Dental Anxiety: A Short Short Story about Going to the Dentist
Dentist appointment at 2:00. And on a Monday. What could possibly be worse? Katrina was a worrier about most things – job stability, traffic, whether she had said the wrong thing to her co-worker whose husband had just left her. She often worried late into the night, but usually things worked out well, or at least not as badly as she anticipated.
Dentist appointments were the exception. Something always went wrong – it took twice as long as estimated, it hurt when they said it wouldn’t, and the dental assistant became upset and started crying. Katrina always made a heroic effort of force her mind to think positive thoughts about the dentist. If she didn’t do that she wouldn’t be able to make herself go at all. But she kept her appointments because the thought of becoming a toothless old woman was slightly more threatening than going to the dentist.
She spent the morning doing yoga, repeating affirmations about how it was going to be okay, and telling herself how lucky she was that Dr. Elliot was such a great dentist who really knew what he was doing. Katrina didn’t think she was a horrible patient. It was in her interest was to cooperate fully to get out of the chair as quickly as humanly possible, especially since they incessantly piped 1970s pop music into the office – the kind that had grated on her nerves for most of her life. But never had she complained out loud about the music, even though listening to "Stairway to Heaven" while having a root canal was pretty close to her idea of Hell. Yet, for some reason, the assistants at Dr. Elliot’s office seemed to perceive her as a “difficult” patient, as if it were somehow her fault that the anesthetic didn’t take, the crown molding didn’t mold right, or her roots aren’t shaped the way dental books showed.
The dental assistants strongly hinted on several occasions that the doctor could give her a prescription for Valium to take an hour before her next visit. During one visit an assistant named Leslie spent the entire time chatting about people with dental anxiety and various methods for relaxing. Katrina kept saying, “ I am not anxious. I’m fine.” She couldn’t figure out what she was doing that made Leslie think she was nervous. She did not know how to prove she wasn’t. If they took her blood pressure it would probably be high because she was anxious about the fact that her words and behavior seemed to have absolutely no effect on Leslie's impression of her.

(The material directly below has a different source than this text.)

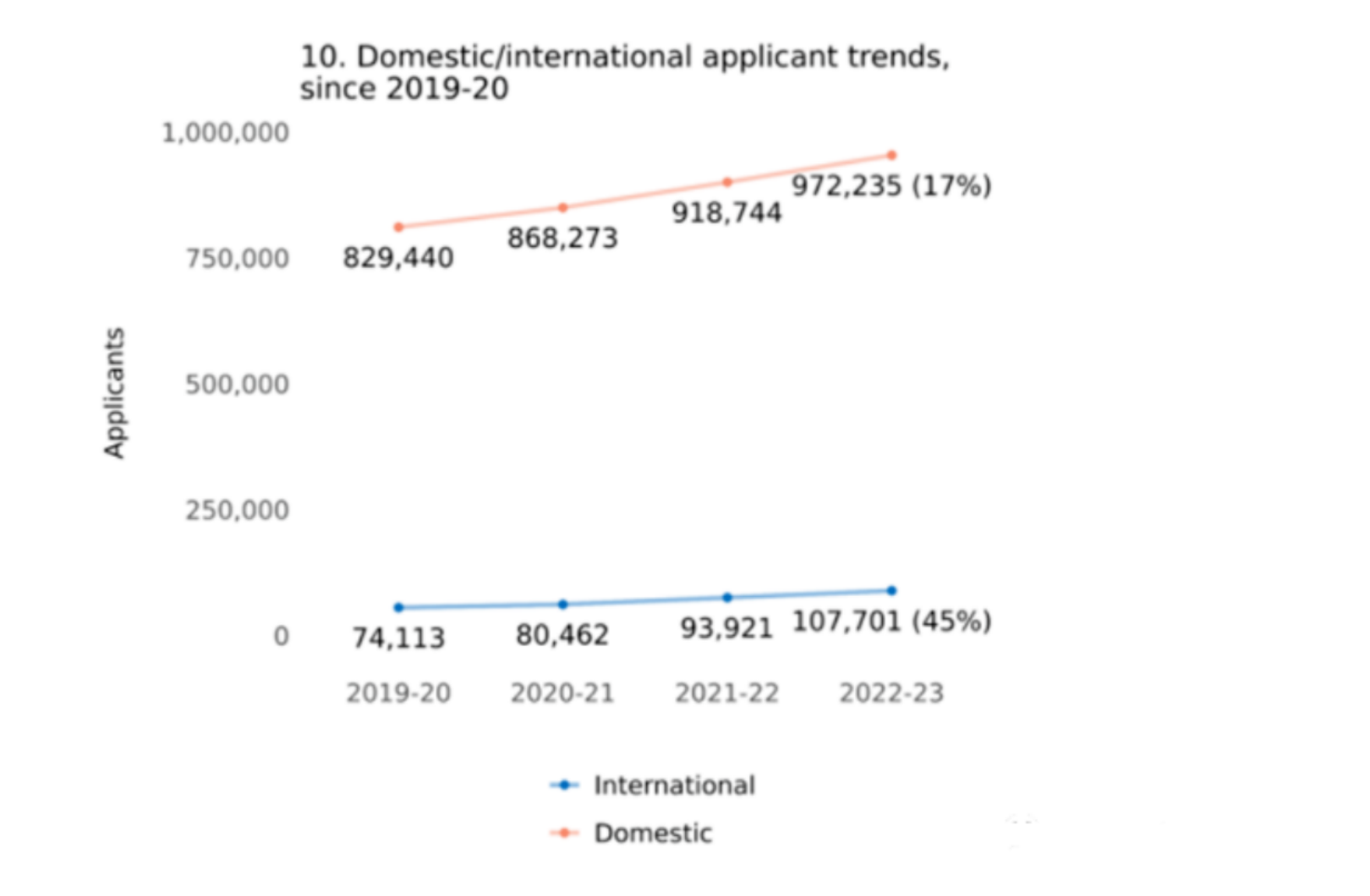 这一数字较上一申请季同期增长了14.67%,较2019-20申请季的74113人,更是增长了45.32%,是美国国内申请人数增长率(17%)的2.6倍。

Another time, when she was lying on her back with her mouth numb, a long rubber tube had slipped down her throat and completely cut off her air supply. She banged her hands on the arms of the chair and heard Dr. Elliot say, “Breath through your nose!” She kicked her feet and then felt Dr. Elliot pull something long and slippery out of her throat. He and the assistant – Tiffany this time – sat her up and she gasped for breath and sobbed for several minutes. Something about being completely unable to breath and seeing death's door a few moments away had upset her emotionally on a level she had never before experienced.
Dr. Elliot took a break and Tiffany said, “I’m so sorry. This has never happened before!” But she seemed more exasperated than apologetic and Katrina heard the silent, “And it could only happen to you.” She wondered if the opening to her throat was larger than that of other people, or if there was something she didn’t know that other people knew about preventing things from going down your throat. But it wasn’t as though she regularly choked on her gum or cough drops. It had never happened to her before either.

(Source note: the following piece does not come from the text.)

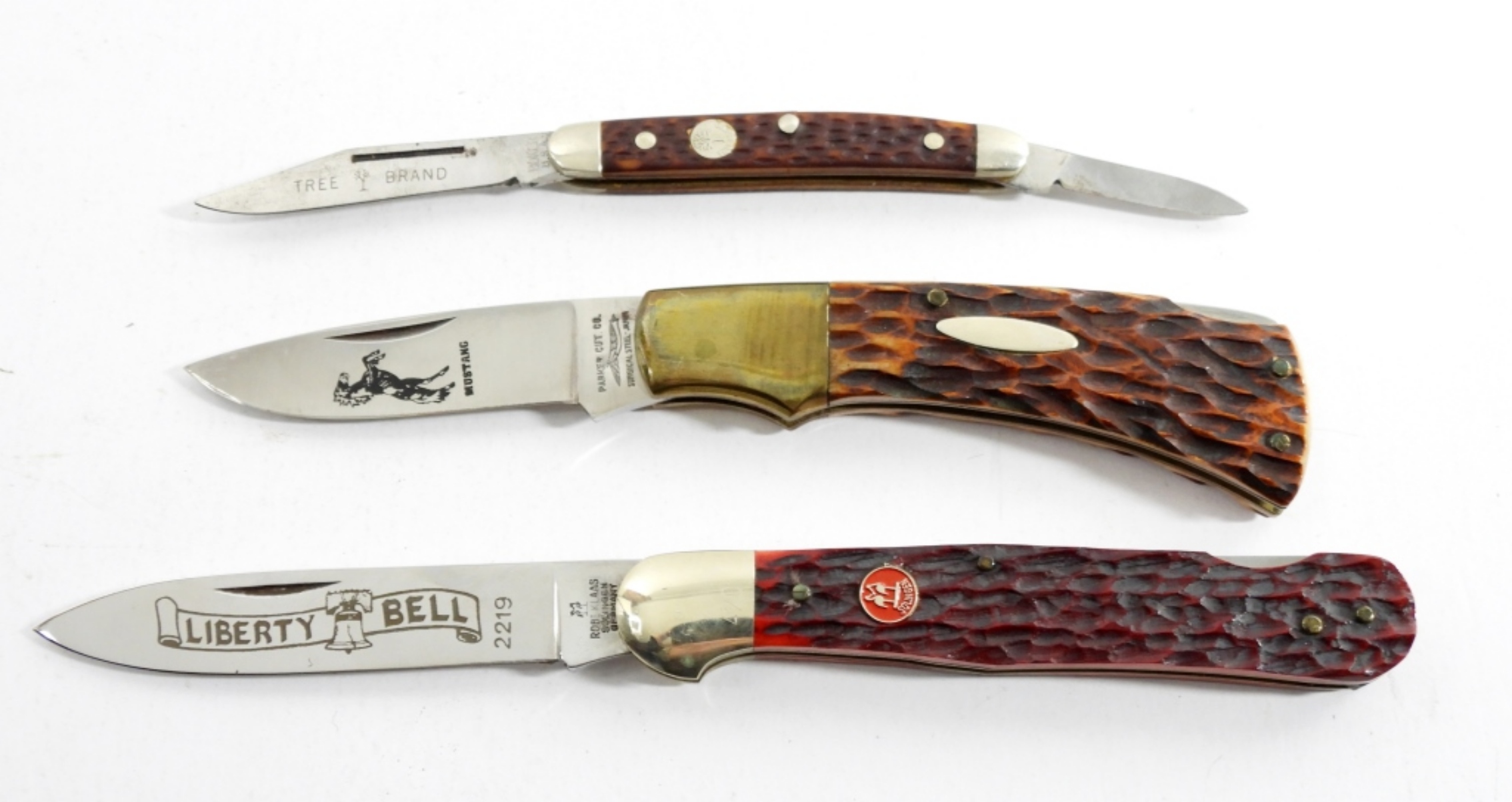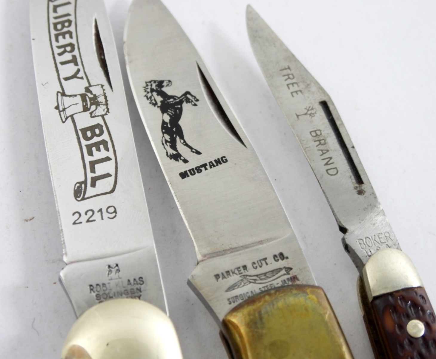 PARKER CUT CO “MUSTANG”, ROBI KLASS SOLINGEN KISSING CRANE LIBERTY BELL & BOKER TREE SMALL TWO BLADE

As Katrina forced herself to drive to Dr. Elliot’s office, she blocked dental thoughts out of her mind; she put herself into kind of a trance, thinking of other things – her son’s college applications, what was on sale this week at Farm Fresh, the article she was working on for a local magazine about how to prevent bats and squirrels from getting in the attic. It was a crown preparation, a procedure she had put off as long a possible without endangering the root canal, which had been exceedingly difficult because her roots were not shaped right.

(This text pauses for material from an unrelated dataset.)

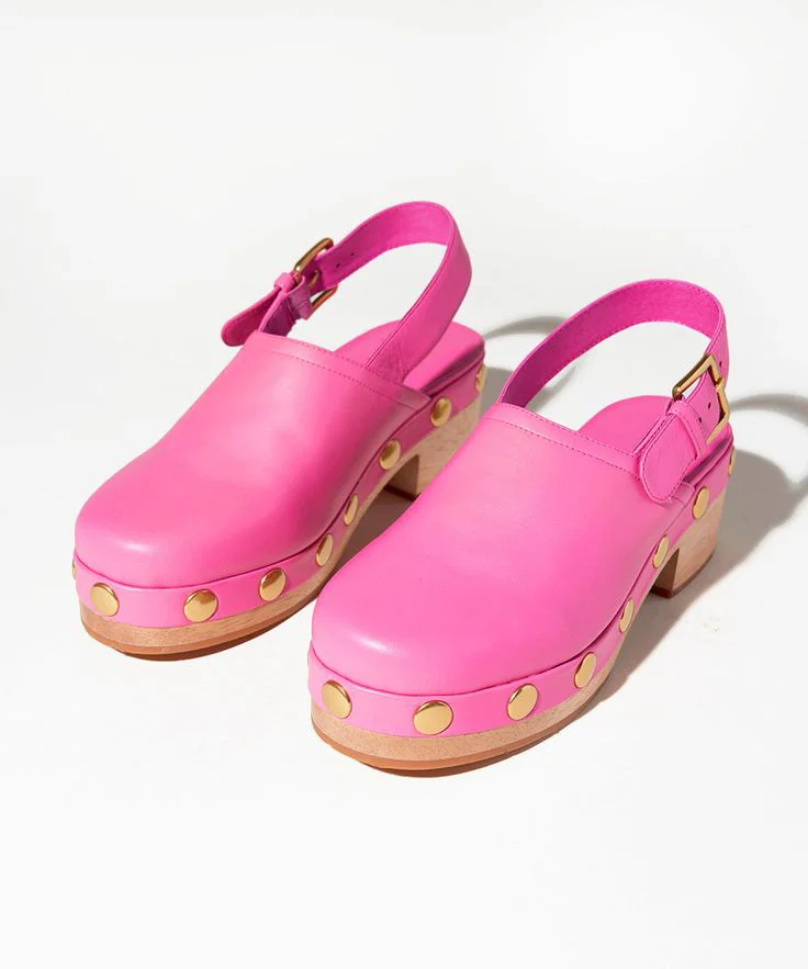 Special Designs :Pink Vegan leather low chunky heels with gold studded design and slingback patteren

It wasn’t the worst ever. She had to endure the music, but the anesthetic took on the first try, they only had to take the mold twice, and there were only three or four moments of intense pain. Dr. Elliot was as calm and pleasant as usual and Tiffany was only slightly strained in her cheerfulness. They remembered to put the chair upright so nothing would fall down her throat. Katrina could tell they were being extra cautious, as if they had called a special conference before she came in. When she was done she received her reward – the delicious feeling of relief that it was over with.